Shape the path – be aware of situational influences
This path is the creating an enabling environment where you identify and remove blockages. The reason people are often quoted as being the barriers to change is not always due to their behavior. Very often it is due to the situation they are operating in. Identifying and eliminating these situations is key.
Creating a path is also about creating new habits that become automatic requiring less self control and contributing to the change. You need to rally the herd. Change in groups of people is affected by individuals considering what the others are doing and thinking.
Rally the supporters and reformers and create a safe space for them to influence the rest of the team. Reinforcement is the secret to getting past the first step of your long journey and on to the second, third, and hundredth steps.
7 tips I learned about managing change from this book
- Change is tinkering with behaviours that have become automatic. Changing these requires a large amount of self-control which is exhaustive
- Big problems are rarely solved by big solutions as these big solutions are what we can’t change or don’t have influence over. Instead, a sequence of small changes over a period of time is what brings about big change. This would be focussing on the things that you have influence over and can change.
- Create a positive illusion affecting change. Motivate action by looking at what has already been done. This shows people that they are closer to the finish line than they might think.

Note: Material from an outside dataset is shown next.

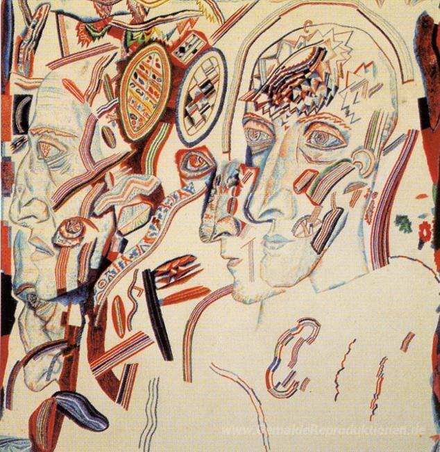 Wir bieten Ihnen eine handgefertigte Reproduktion auf Leinwand des berühmten Kunstwerks 'Heads' von Pavel Filonov, aus dem Reproduktionsmuseum.

- Be alert to failure upfront by anticipating and acknowledging it so that it is less alarming and easier to work through.
- Use action triggers to automate behavior and preload a decision. Do this by saying when x happens then I will do Y. Suddenly then Y will happen more easily requiring less self-control effort.
- Publicize the progress for everyone to see. This puts pressure on the nonperformers to up their game
- Change isn’t an event; it’s a process. Big changes can start with very small steps. Small changes tend to snowball.